Abstract
A 45-year-old man presented with a history of chronic left nasal congestion. Nasal endoscopy revealed a pedunculated polypoid mass with glandular epithelium surface on the posterior nasal septum. Computed tomography revealed a 25-mm mass-like growth in the left posterior nasal cavity attached to the nasal septum with a stalk. The patient underwent transnasal endoscopic surgery, and the tumor was removed under a block with safety margin. The final pathological diagnosis was sinonasal seromucinous hamartoma (SH). Sinonasal SH is a rare tumor with only 31 reported cases. Transnasal endoscopic surgery is currently the first-line treatment for sinonasal SH. Differential diagnoses of this lesion include inflammatory polyps, respiratory epithelial adenomatoid hamartoma, and adenocarcinoma. Although SH is a benign tumor, its progression to adenocarcinoma has been reported. Therefore, unilateral posterior nasal tumors must be diagnosed precisely.
Introduction
Respiratory epithelial adenomatoid hamartoma (REAH), seromucinous hamartoma (SH), chondro-osseous and respiratory epithelial hamartoma (CORE), and nasal chondromesenchymal hamartoma (NCH) are typical hamartomas that are observed in the sinonasal region. REAH and SH arise from the respiratory epithelium, whereas CORE and NCH comprise mixed mesenchymal elements. The fourth edition of the World Health Organization (WHO) classification of head and neck tumors 1 has categorized SH and REAH as sinonasal respiratory epithelial lesions. SH is a benign proliferation characterized by the overgrowth of the indigenous seromucinous gland; however, its origin has not been identified. To the best of our knowledge, the incidence of sinonasal SH is rare, with only 31 cases reported in the English literature (including 2 cases of the nasopharynx). 2 SH is not associated with any specific etiological factors. Although SH is a benign tumor, its malignant transformation to adenocarcinoma was recently reported. 3 Herein, we report a case of SH of the posterior nasal septum.
Case Report
A 45-year-old man presented with a history of chronic nasal congestion. He was referred to the ENT clinic at our hospital for the evaluation of a mass in the left nasal cavity. Nasal endoscopy revealed a pedunculated polypoid mass with a glandular mucosal surface in the posterior nasal septum causing nasal congestion (Figure 1). Computed tomography (CT) revealed a 25-mm mass in the left posterior nasal cavity extending to the choanae, which was attached to the nasal septum via a fine stalk (Figure 2). A biopsy was performed in the office, leading to the diagnosis of SH. The patient underwent transnasal endoscopic surgery under general anesthesia to remove the lesion. The stalk of the tumor was located in the left posterior and upper nasal septum. The tumor was resected under a block with the safety margins around the stalk (Figure 3). The tumor has not recurred for about 11 months after the surgery in nasal endoscopy. Histopathology revealed polypoid nasal mucosa covered by ciliated respiratory epithelium with respiratory epithelial invaginations (Figure 4a). The tumor contained a variable combination of small and large glands and tubules, growing haphazardly in clusters or lobules. Small glands and tubules were lined by a single layer of cuboidal cells (Figure 4b). Immunoreactivity, the basal cell layer of the respiratory mucosa stained positive for p63 (Figure 5a) and the serous glandular component stained positive for s100 (Figure 5b). Thus, the final pathological diagnosis was SH.

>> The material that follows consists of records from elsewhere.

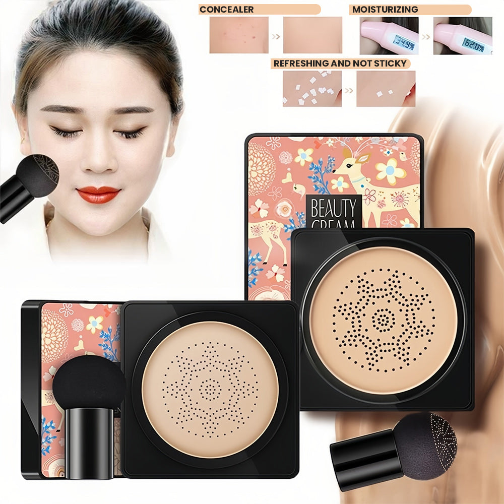- Free Unique Makeup Brush: Applies mushroom head sponge design with unique cutting & holes. Minimum water retention ensures to hold perfect amount of CC cream for flawless & non-cakey application. Great for blending, cleaning up smudges and smoothly even out CC cream.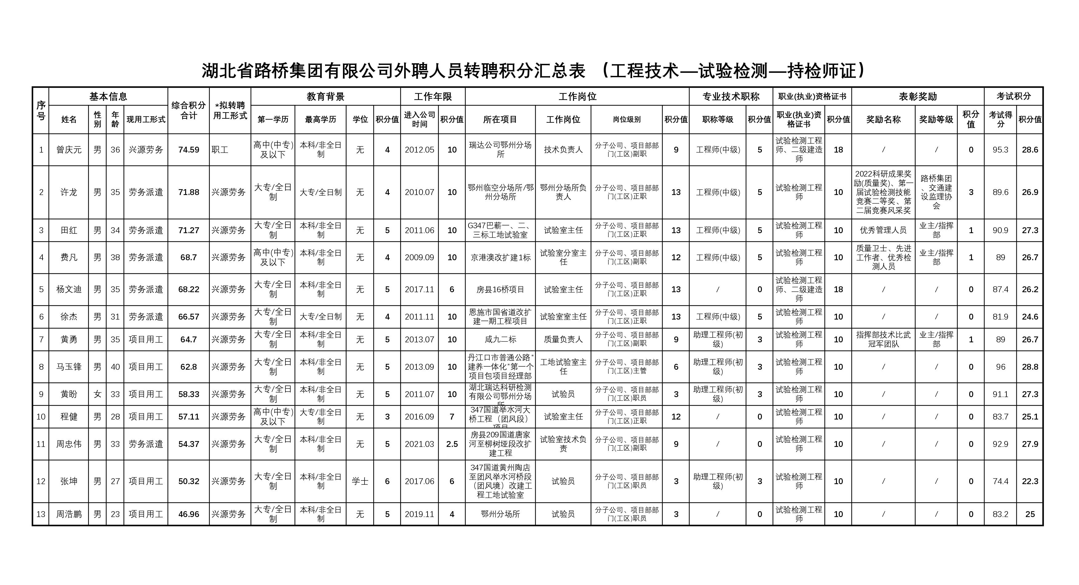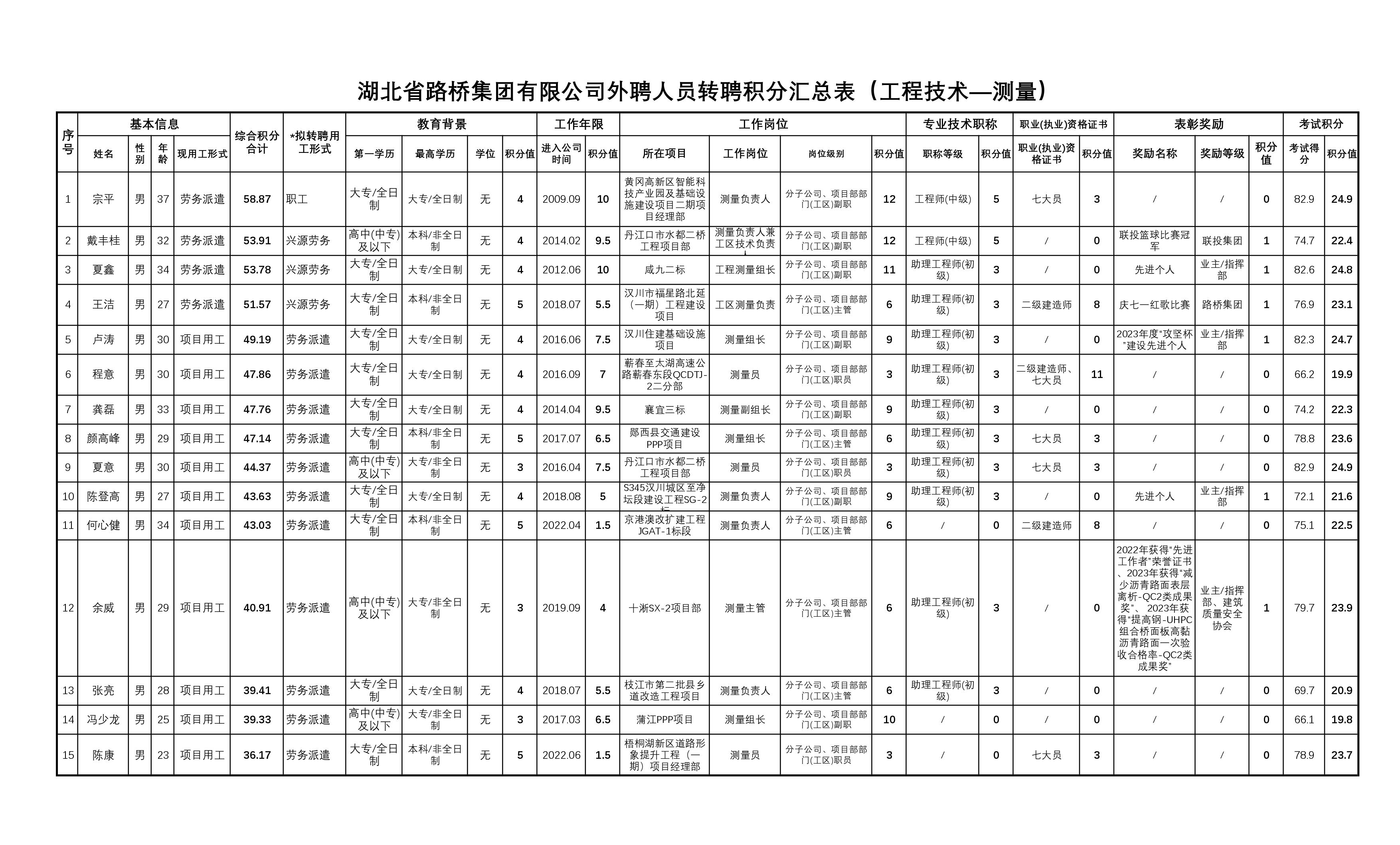 湖北省路橋集團有限公司2023年度擬轉聘人員補充公示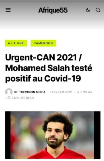 وذكرت صحيفة “afrique55” أن محمد صلاح قد لا يشارك مع منتخب مصر أمام الكاميرون، حيث جاءت نتيجة مسحته “إيجابية” قبل خوض اللقاء المرتقب.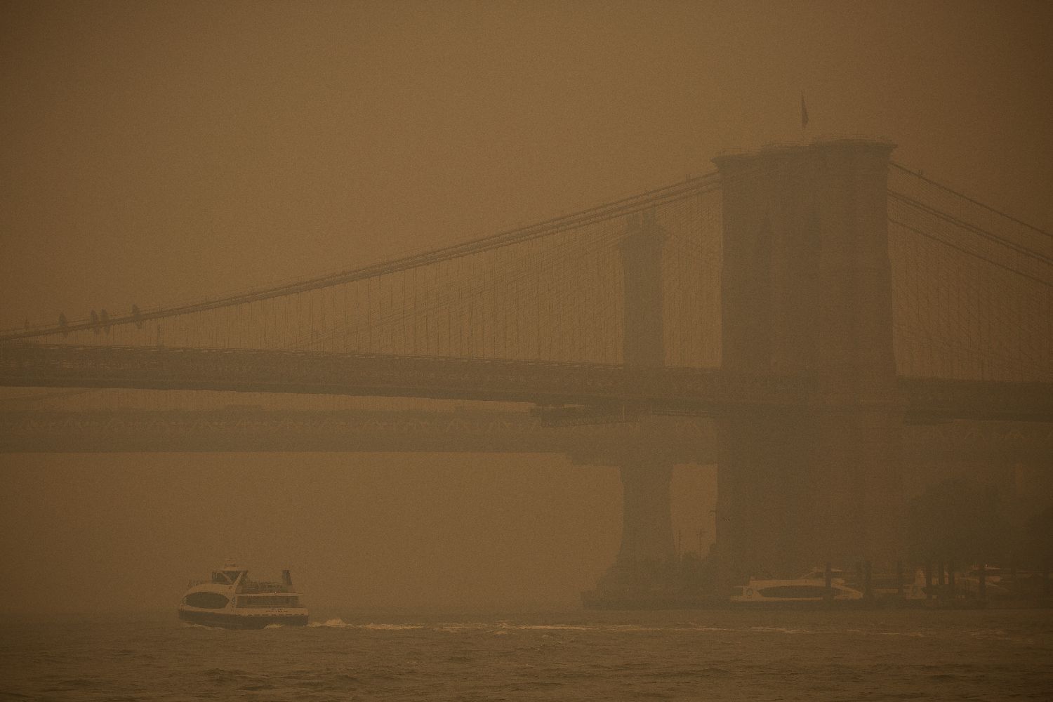 目前有近千名来自美国、澳大利亚、新西兰、南非的消防员正帮助加拿大各地应对火灾。图为6月7日,渡轮在烟尘笼罩的美国纽约东河上航行。(图片来源:新华社)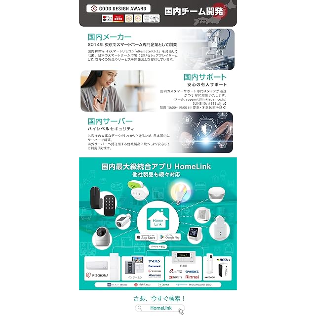 【国内メーカー × 国内サーバー × 国内サポートで安心】 LinkJapan は創業2014年から開発・運営を日本国内で行い、高い信頼性を備えたIoT機器・サービスを提供しています。 アプリ内のデータは、暗号化された通信とセキュリティ性の高い国内サーバーを経由するため、プライバシー保護も万全。また、カスタマーサポートは国内専門チームが丁寧にご案内。初心者から上級者まで安心してご利用いただけます。 ★サポート体制 【Mail: [email protected]】 【LINE ID: @515wljtu】 受付時間:毎日10:00〜19:00(土日祝も対応、一部祝日を除く) 【メーカー】ご購入日から1年間

Nasal endoscopy showing a yellowish polypoid mass with a thin stalk on the left posterior septum.

Sagittal view of computed tomographic scan without contrast showing a 25-mm mass with a stalk in the posterior nasal cavity.

The resected specimen shows a 25-mm polypoid mass with a glandular mucosal surface and a stalk.

Pathological features. (a) At low power, the mass is covered by ciliated respiratory epithelium with invaginations and (b) at higher power, the tubules comprise a single layer of cuboidal epithelium.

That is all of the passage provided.